**What the task requires**
Wherever a line in the records contains the word "available", return that line.

**Information**
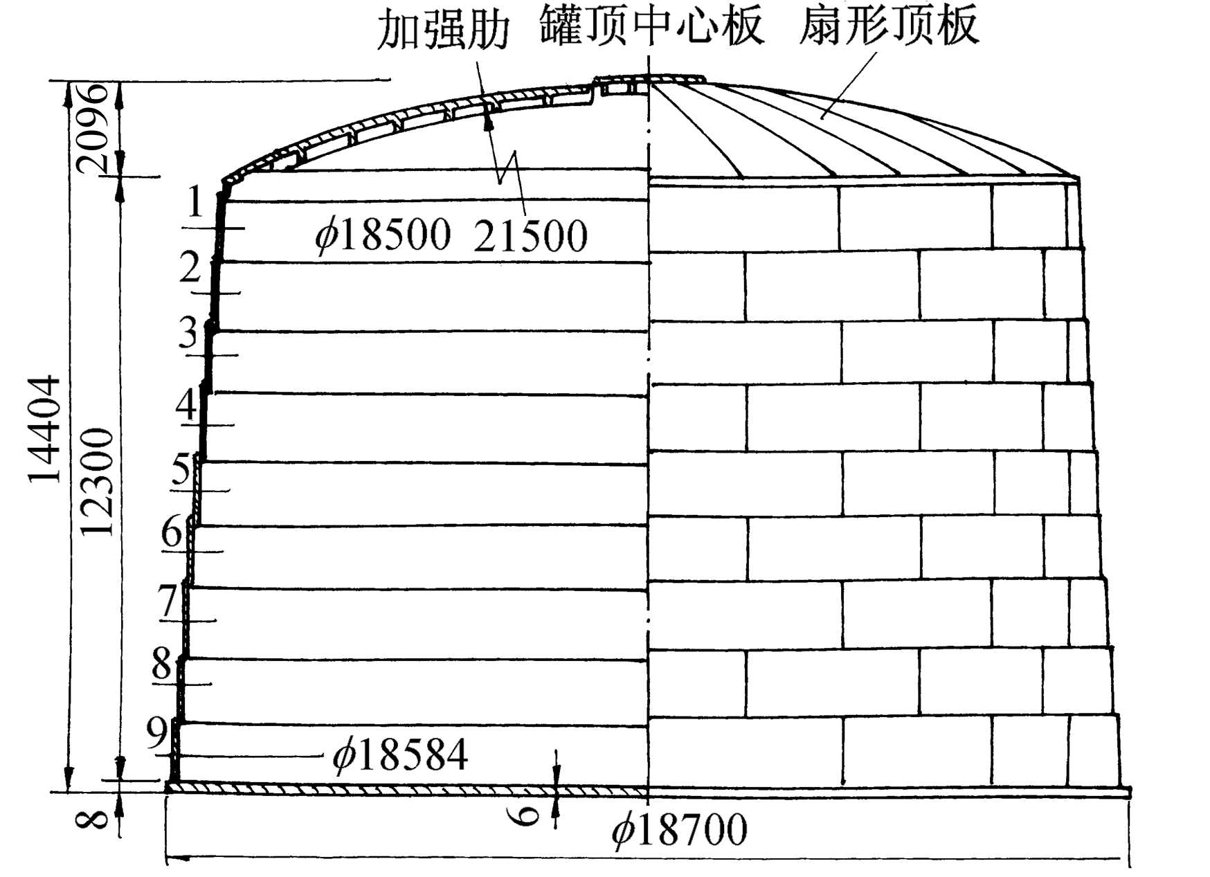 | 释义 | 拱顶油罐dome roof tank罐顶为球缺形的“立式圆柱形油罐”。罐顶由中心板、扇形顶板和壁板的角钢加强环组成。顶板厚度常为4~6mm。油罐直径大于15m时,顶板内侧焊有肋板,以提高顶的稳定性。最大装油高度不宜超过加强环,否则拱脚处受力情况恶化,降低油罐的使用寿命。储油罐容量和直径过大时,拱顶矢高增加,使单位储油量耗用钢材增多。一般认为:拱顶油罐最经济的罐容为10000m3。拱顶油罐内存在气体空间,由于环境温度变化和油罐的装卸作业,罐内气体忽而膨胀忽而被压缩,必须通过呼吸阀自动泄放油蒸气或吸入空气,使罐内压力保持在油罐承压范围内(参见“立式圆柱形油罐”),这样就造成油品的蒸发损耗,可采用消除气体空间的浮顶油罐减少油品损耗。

...

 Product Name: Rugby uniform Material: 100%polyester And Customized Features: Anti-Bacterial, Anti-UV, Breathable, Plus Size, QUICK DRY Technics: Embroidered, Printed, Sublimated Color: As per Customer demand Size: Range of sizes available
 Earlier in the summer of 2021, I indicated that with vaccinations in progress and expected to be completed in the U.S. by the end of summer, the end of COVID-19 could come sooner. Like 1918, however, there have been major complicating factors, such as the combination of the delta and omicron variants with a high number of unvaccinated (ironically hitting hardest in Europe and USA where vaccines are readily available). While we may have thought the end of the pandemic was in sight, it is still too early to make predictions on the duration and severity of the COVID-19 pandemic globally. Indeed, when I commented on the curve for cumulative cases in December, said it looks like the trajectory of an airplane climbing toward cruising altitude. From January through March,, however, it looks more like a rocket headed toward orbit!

**Result**
 Product Name: Rugby uniform Material: 100%polyester And Customized Features: Anti-Bacterial, Anti-UV, Breathable, Plus Size, QUICK DRY Technics: Embroidered, Printed, Sublimated Color: As per Customer demand Size: Range of sizes available
 Earlier in the summer of 2021, I indicated that with vaccinations in progress and expected to be completed in the U.S. by the end of summer, the end of COVID-19 could come sooner. Like 1918, however, there have been major complicating factors, such as the combination of the delta and omicron variants with a high number of unvaccinated (ironically hitting hardest in Europe and USA where vaccines are readily available). While we may have thought the end of the pandemic was in sight, it is still too early to make predictions on the duration and severity of the COVID-19 pandemic globally. Indeed, when I commented on the curve for cumulative cases in December, said it looks like the trajectory of an airplane climbing toward cruising altitude. From January through March,, however, it looks more like a rocket headed toward orbit!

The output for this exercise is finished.